Task brief
Starting at the line that contains "8mm - Tungsten", transcribe each line through the end of the material below, exactly and nothing else, leaving out the pictures.

****************************************

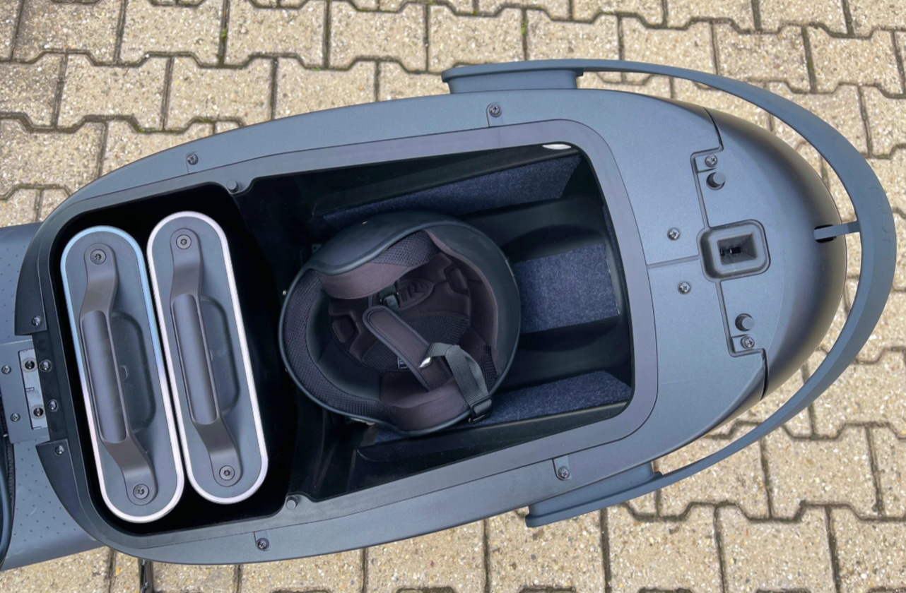 UNU Scooter Pro , hat einen Monster-helmfach. Zwei Akkus UND zwei Helme. 40 Liter.
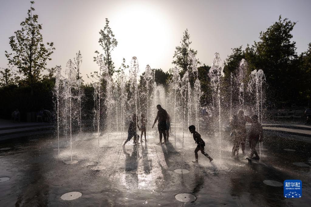 7月23日,儿童在希腊雅典一处喷泉玩水。新华社发(莱夫特里斯·帕察里斯摄)
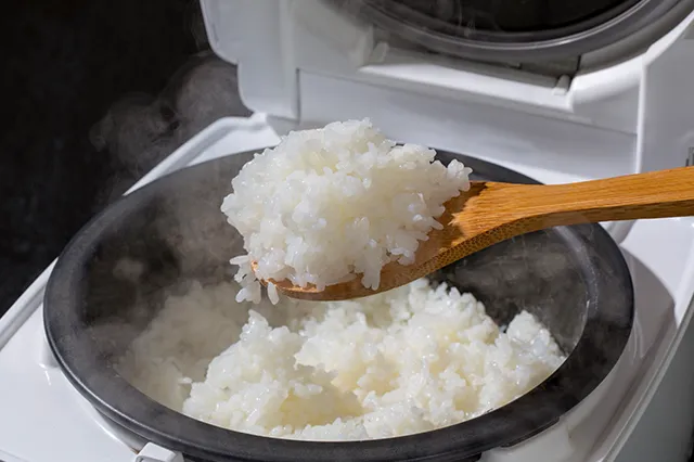 例えば、マイコン炊飯器は火力が劣る分、IH式や圧力IH式よりもご飯が硬くなりがちです。IH炊飯器はお米全体に熱が行き渡りやすいため、ふっくらと炊き上がる特長があります。
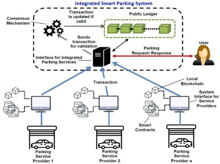 system replies by sending a message to the integrated parkingserviceinterface.Theinterface,therefore,islike a bridgethatconnectsseveral parkingservice providers together, each of whom is running its own local blockchainnetwork.Theselocalblockchainsaretheones that keep records of parking slot availability, transactions, and payments by smart contracts. Each time a parking transaction is done such as reserving a slot, making a payment, or recording entry/exit the transactionissenttotheintegratedparkinginterfacefor confirmation.Therefore,aconsensusmechanismisused bythesystemtodecideifthetransactionisrealbeforeit updates the public ledger. The transaction record thus becomespermanentandaccessiblewhentheyarelinked to the public ledger, thereby, enhancing data integrity andpreventingtamperingorduplication.Asaresult,any parkingservice providercanrun theirbusinessasusual and still have the benefit of being connected to the integrated network through the blockchain infrastructure. On the other hand, the use of QR codes makestheauthenticationofthevehicleeasybecausethe userisonlyrequiredtoscanthecodeattheentranceor exit gate. After that, the decoded data are sent in a securedmannertotheblockchainforverification,which is also the reason why security and traceability of parkingeventsareguaranteed. Thecoreelementsofthe system such as IoT sensors, QR code identification, and blockchain-based validation, together make up a robust, scalable, and secure smart parking ecosystem that is technologically advanced and well suited to urban environments of the future. The design of the system is suchthatitnotonlyfacilitatestheinteractionofdifferent parkingoperatorsbutalso,inessence,allthepartiesthat have a stake in it, by providing them with the access to informationandtrustinthesystem.
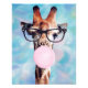 Girafa vestindo óculos e soprando uma bolha rosa de fundo azul molhado.
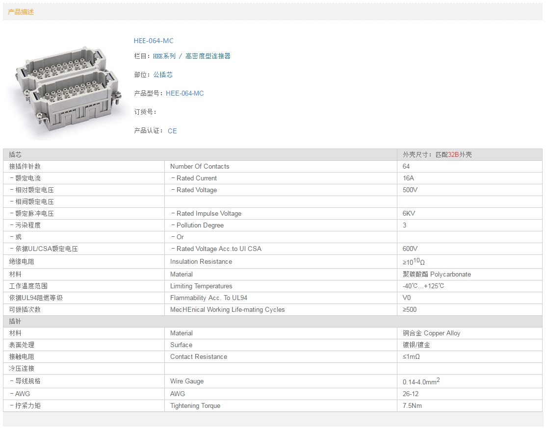 高密度型插芯 冷壓連接 HEE-064-MC ..
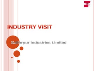 The Ballarpur Group is the largest manufacturer of writing and printing paper in India, operating 7 facilities across India and Malaysia. Bilt Paper PLC operates 4 of these facilities and focuses on bulk coated and uncoated paper. The Avantha Group owns 49.40% of Ballarpur Industries Limited. The visit included learning about Ballarpur's production process, raw materials used, quality control measures, employee training programs, and accident prevention measures. The group also toured the facility and learned about the mystery of three playing cards on the company gate.
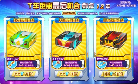 8月17日——8月30日期间,我们将推出限时绝版T车礼盒,帮助各位赛车手在绝版之际,拿到自己心仪的T级赛车。
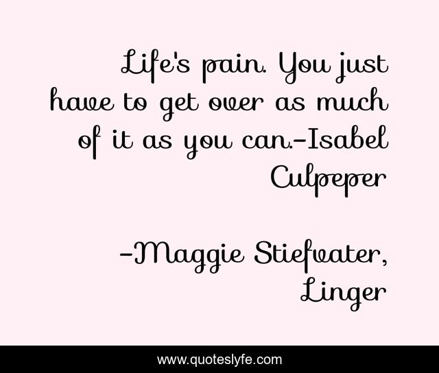 This page presents the quote "Life's pain. You just have to get over as much of it as you can.-Isabel Culpeper". Author of this quote is Maggie Stiefvater, Linger. This quote is about life, pain, linger,.
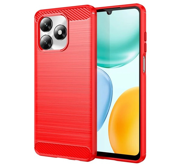 Szilikon telefonvédő (ütésállóság, légpárnás sarok, szálcsiszolt, karbon minta) PIROS
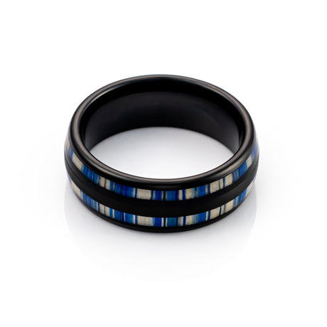 8mm - Tungsten Double Barrel Real Blue Wood Inlay Ring Wedding Band Dome
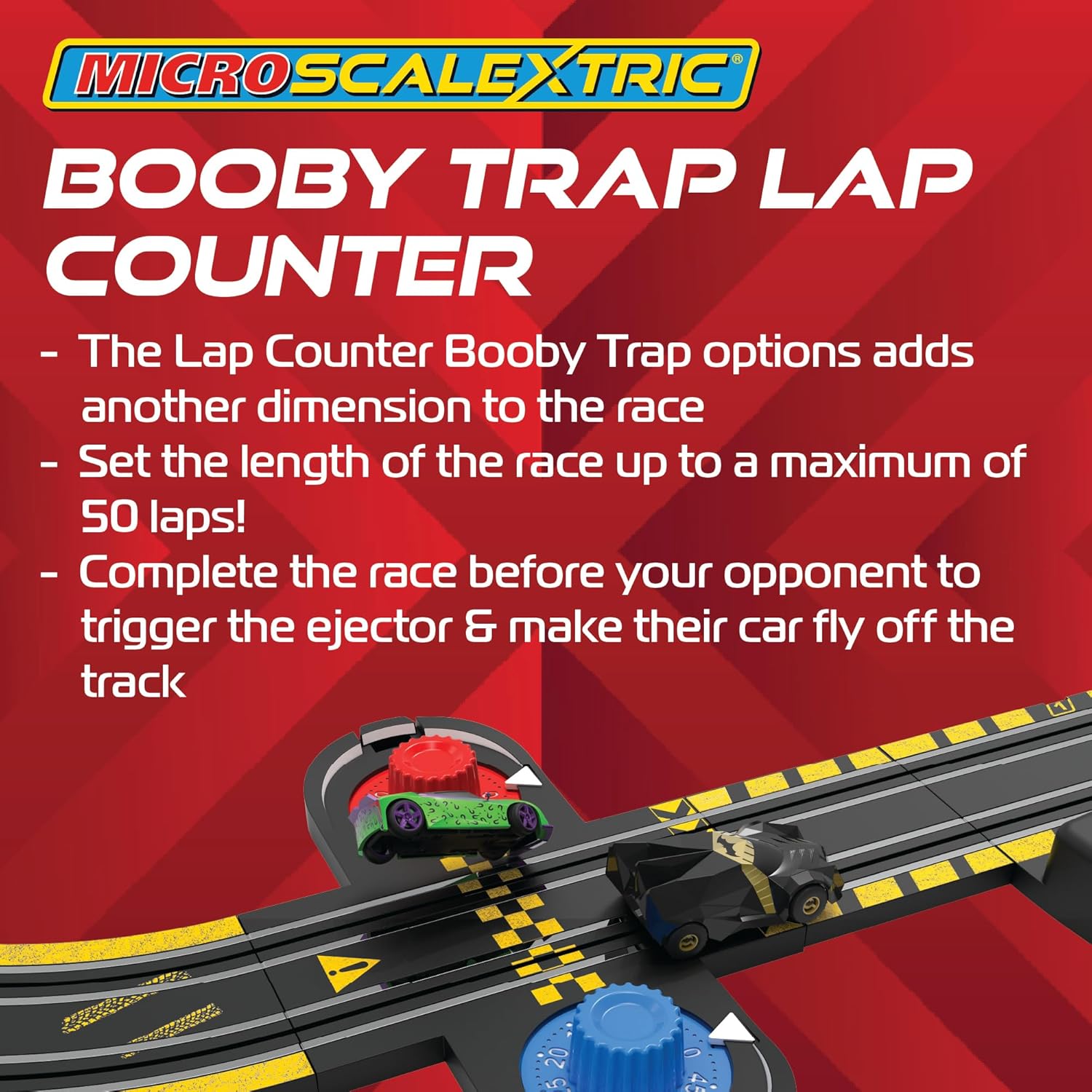 - Toy Car Track Contents: 2x Scalextric cars - 1x Batman car, 1x The Riddler car, 1x 3.5m Track Set, 1x Lap Counter Booby Trap, 1x Battery Powerbase (Batteries Not Included), 2x Speed Limiting Wired Controllers and 1x Trackside Graphic. Toy car sets ideal as a car gift or birthday gifts for boys & girl racers
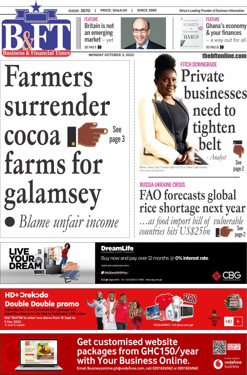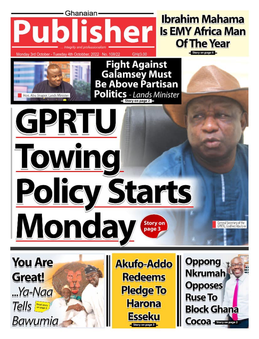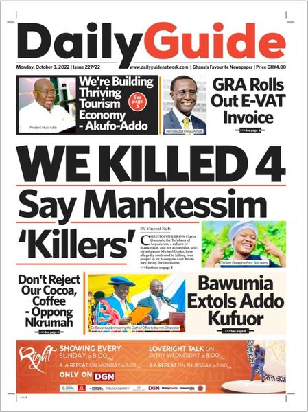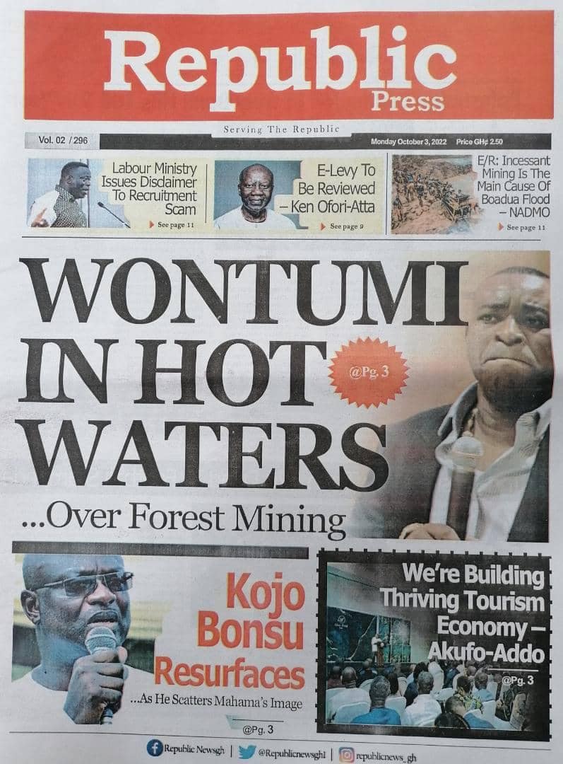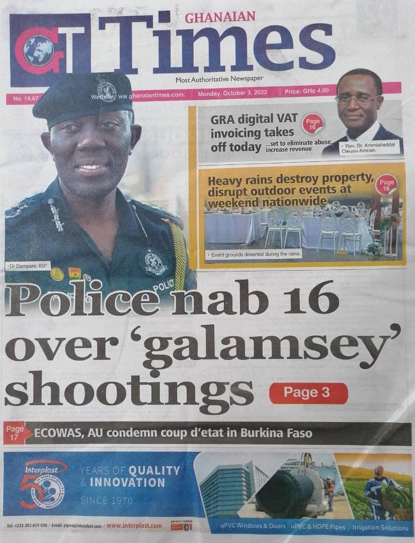 Newspapers headlines: Monday, October 3, 2022 Date: 03 October 2022 By Vincent Ashitey Category: general news Shares Share Tweet Email Share Here are the front pages of some of Ghana's newspapers today.

****************************************

Output of the task
 8mm - Tungsten Double Barrel Real Blue Wood Inlay Ring Wedding Band Dome
 - Toy Car Track Contents: 2x Scalextric cars - 1x Batman car, 1x The Riddler car, 1x 3.5m Track Set, 1x Lap Counter Booby Trap, 1x Battery Powerbase (Batteries Not Included), 2x Speed Limiting Wired Controllers and 1x Trackside Graphic. Toy car sets ideal as a car gift or birthday gifts for boys & girl racers
 Newspapers headlines: Monday, October 3, 2022 Date: 03 October 2022 By Vincent Ashitey Category: general news Shares Share Tweet Email Share Here are the front pages of some of Ghana's newspapers today.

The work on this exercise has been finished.